А потом меня узнал. Мы с ним до этого знакомы уже были, встречались несколько раз у Кольцова. И он меня, однако, в таком виде опознал и говорит (а меня Колюшей звали друзья): «Колюша, неужто это ты?» — «Я.» — «А за что вы меня?» А я говорю: «По делу». И изложил ему в деловом стиле ясно, логично и понятно даже для наркома, в чем дело. Раз вы посещаете, а вы есть высокое начальство, то наше начальство подготовилось и в Аникове, и в Звенигороде, не беспокойтесь. И тут, и там готово под вас угощение первый сорт по нынешним временам, водочки из вашего же казенного спирта наделано от пуза. Но вопрос дипломатический заключается в том, что мы-то очень боимся, что вы сперва в Аниково завернете, там главное будет. А для нас ни хрена не останется: духа уже никакого не будет, так сказать, одни остатки наркома. Вот мы и решили вас умыкнуть. Вы уж как хотите, а сила на нашей стороне. И ваш секретарь все равно пушку никак не вытащит. Ну, тут и Боровский увидел, что дело-то, в общем, безопасное, пушка не к месту будет, не к стилю. Мужик тоже отошел, уже смеется, говорит: «Молодцы, ребята, так и надо». И завернули, значит, к нам, на Звенигородскую станцию.

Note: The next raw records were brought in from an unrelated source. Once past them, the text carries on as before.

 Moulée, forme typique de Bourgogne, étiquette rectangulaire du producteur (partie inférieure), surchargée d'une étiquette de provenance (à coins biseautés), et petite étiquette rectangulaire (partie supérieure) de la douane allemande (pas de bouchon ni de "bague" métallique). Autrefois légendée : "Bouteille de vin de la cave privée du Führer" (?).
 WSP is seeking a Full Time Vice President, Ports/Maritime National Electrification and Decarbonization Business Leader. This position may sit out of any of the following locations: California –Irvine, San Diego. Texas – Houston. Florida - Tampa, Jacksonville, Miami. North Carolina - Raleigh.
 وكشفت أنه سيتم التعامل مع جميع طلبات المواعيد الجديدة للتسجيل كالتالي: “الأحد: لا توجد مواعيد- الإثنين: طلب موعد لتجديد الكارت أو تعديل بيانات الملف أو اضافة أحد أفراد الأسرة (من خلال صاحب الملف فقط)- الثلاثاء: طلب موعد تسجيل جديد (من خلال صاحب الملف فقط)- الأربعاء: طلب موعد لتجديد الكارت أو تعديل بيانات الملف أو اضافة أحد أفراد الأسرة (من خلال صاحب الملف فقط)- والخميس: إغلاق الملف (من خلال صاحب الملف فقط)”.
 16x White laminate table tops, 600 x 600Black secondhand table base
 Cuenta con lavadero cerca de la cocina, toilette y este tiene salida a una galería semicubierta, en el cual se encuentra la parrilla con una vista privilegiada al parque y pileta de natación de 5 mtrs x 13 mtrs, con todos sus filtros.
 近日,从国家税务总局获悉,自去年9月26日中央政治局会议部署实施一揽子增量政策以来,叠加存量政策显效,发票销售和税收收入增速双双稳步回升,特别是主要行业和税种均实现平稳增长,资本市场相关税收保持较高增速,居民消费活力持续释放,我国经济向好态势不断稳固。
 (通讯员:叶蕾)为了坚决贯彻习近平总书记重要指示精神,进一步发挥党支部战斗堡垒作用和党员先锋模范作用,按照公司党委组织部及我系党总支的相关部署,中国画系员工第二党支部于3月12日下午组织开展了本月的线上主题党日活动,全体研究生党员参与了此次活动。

И действительно, было шикарное винопитие и жратва, и показывали мы циклопов и дафний, и планктон, и всякие такие штуки показывали. Дрозофилы еще тогда не существовало. Показали все лаборатории, центрифуги, аппарат для измерения всех этих вещей, а потом уже перешли, значит, к пиршеству, а после пиршества к искусству. Людмила Николаевна, жена Скадовского, пела, Сергей Николаевич играл на рояле... Да, подготовлена была еще певица, армяночка [7]какая-то, подруга Людмилы Николаевны, очень хорошая певица. И мы с Сергей Романычем Царапкиным басом по очереди с ней. Потом мы их завезли на другую станцию, показали большое количество кур. Никакого большого винопития там не было. Может, они после отъезда Семашко и выпили, но это уже не то. Из этого вы видите, какие были все-таки симпатичные времена. Сейчас разве мыслимо, чтобы министр здравоохранения... сперва его умыкнули, потом напоили... Это невозможно совершенно. Этого быть не может.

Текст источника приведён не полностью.